I will have an phone/skype informal Interview with A-star institute for Research Associate position. Can somebody tell me what to expect and any good advice. Also if all goes good can anybody tell me what the salary rang for Research Associate Engineer position at A-Start in Singapore? I have Master by Research but dont have PhD. 

Thanks


----------



## beppi (Jun 10, 2013)

S$4000-5000/month probably


----------



## bojan (Apr 29, 2014)

Is that ok for a good life in Singapore?


----------



## beppi (Jun 10, 2013)

Depends on what you call a good life.
S$4000/month is o.k. for a single person (but not enough to have your own apartment - you must share one!). For a family it's not enough.


----------



## bojan (Apr 29, 2014)

ok. But I heard that depends on the experience can get 5000-6000 a mount. And also depends wher u live u can get some small apartments (studios, around 20-30 square meters) outside the city and not luxury one for good prize.


----------



## beppi (Jun 10, 2013)

Of course there may be special opportunities that pay more, depending on your skills and experience and how urgent they want you. But with the general focus on Ph.D. holders in Singapore R&D institutes, mere M.Sc. holders are underprivedged.

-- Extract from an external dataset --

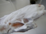 " rel="nofollow">ペリカン石鹸ファンサイト参加中 モニプラ様 株式会社ペリカン石鹸様 よりスーパーマリンコラーゲン洗顔石鹸のモニターに選んで頂きました ありがとうございます ぷるぷる豊潤洗顔ができるというスーパーマリンコラーゲンには 低温で浸透しやすいマリンコラーゲンが配合されています 豚のコラーゲンが良く使われますが、浸透温度は37度 マグロのコラーゲンは22度 スーパーマリンコラーゲンに使われるサケのコラーゲンは17度なんだそうです それぞれ浸透温度が違うんですねえ 石鹸はまあるいお正月にがかざるおもちのような可愛い形です この石鹸なんと泡立ちが通常の石鹸の4倍なんだそう 石鹸の元になる「脂肪酸」を一度分解して、デメリットのある成分を除いてから もう一度製造することで4倍の泡だちが作られるんです 手間がかかっていますねえ その泡立ちに加え洗顔ネットがついているのでもう怖いものなしですね どんだけ泡立てるんだ(笑) スーパーマリンコラーゲンは、パパイン酵素が古くなった角質汚れを浮かし 天然泥がしつこい毛穴汚れを吸着してしっかり洗浄してくれます さらにマリンコラーゲンとリピジュアがヴェールとなってお肌を守ってくれます 潤いを保ちながら透明感のある肌へと導いてくれます それでは早速使ってみました 開ける前からすでに香料の匂いがかなりしています これだけはちょっと苦手ですねえ ごめんなさいペリカン石鹸さん 匂い酔ったり痒くなったりするタイプなのですが これは石鹸によく使われそうなシャボン系の匂いでしょうか 是非無香料を作ってほしいですね 泡立てネットで石鹸をこすってもみもみしていると もちもちのもこもこ泡がいっぱいできました せっかくなので、ぬるま湯ではなく水で洗ってみましたが 水でも泡立ちはとてもいいですね どうですか? この泡触ってみたくなりますよね ちょっとケーキのように手に塗ってみました(笑) 洗っている間にも泡はつぶれて消えたりせずもちもちのまま 香りも泡立てたら気になりませんでした 洗いあがりもとってもしっとりさらさらといった感じです 洗いあがりの香りはやっぱり結構ありますね いい匂いなんですけどね 多分私のような匂いにアレルギーぎみな人は少ないとは思いますが これだけ泡立つとエイトリン(息子三歳半)が、 お風呂でもこもこ祭り状態になりそうですね 普段は液体の石鹸を泡立てて体を洗っているのですが もこもこもこもこ泡を作り続けるんですよね もう職人です よ!もこもこ職人といっておだてて 是非お風呂で泡立ててもらおっと 作りすぎそうなのが危険ですが 次回は顔に使用した感想を紹介しますね それでは 続きを見る ['close']
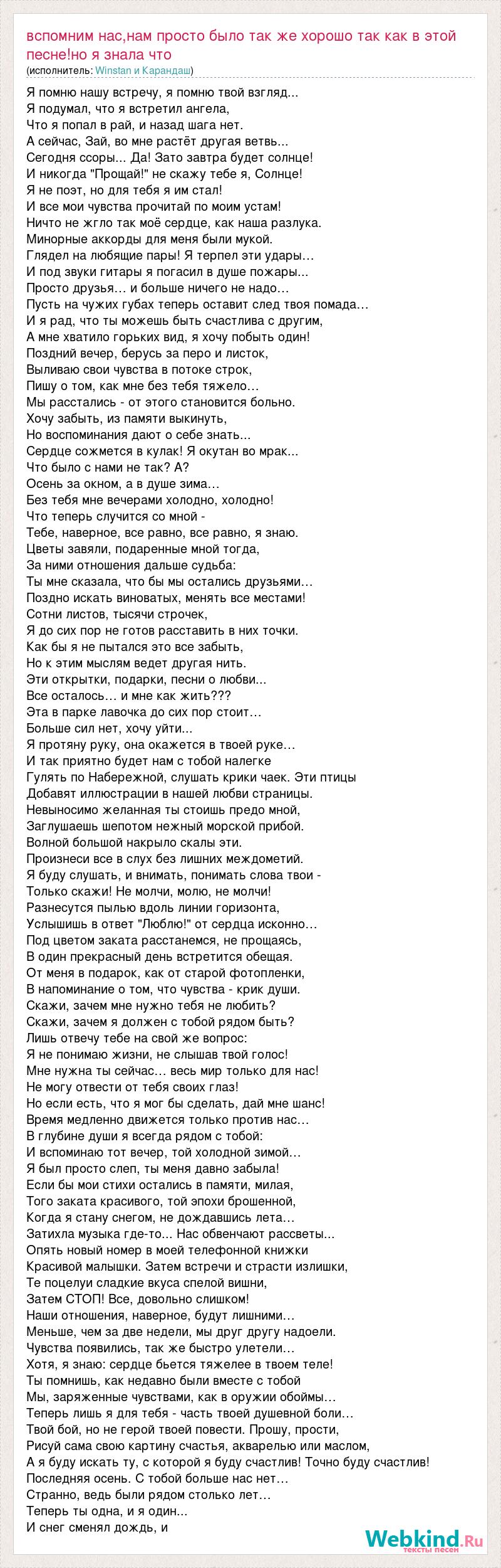 Главная→Исполнители→Winstan и Карандаш→Вспомним нас,нам просто было так же хорошо так как в этой песне!но я знала чт

You may be offered an assistantship with the opportunity to prepare a Ph.D., which is counted as major benefit so the pay is less than S$3000/month.
Residential construction in Singapore is heavily geared towards families, so there are very few small apartments and those are as expensive as bigger flats. If you find any (government housing or HDB) flat for below S$2000/month, count yourself lucky and accept the 60min commute to work! (But I suggest to budget S$3000/month for something more reasonable - or rent a room for around S$1000.)


----------



## bojan (Apr 29, 2014)

Its a position and not a postgraduate opportunity for PhD. So the position is Research Associate. Y mean even with that position I can not get more than 3000 a mount?


----------



## beppi (Jun 10, 2013)

With public institutes, there is normally no negotiation of the salary possible. You either take it or leave it.
Please post here what they offer you - I am curious too!

P.S.: What does "a mount" mean? You seem to use that expression a lot ...


----------



## bojan (Apr 29, 2014)

Sorry I mean monthly, or mount . So like monthly salary. My error


----------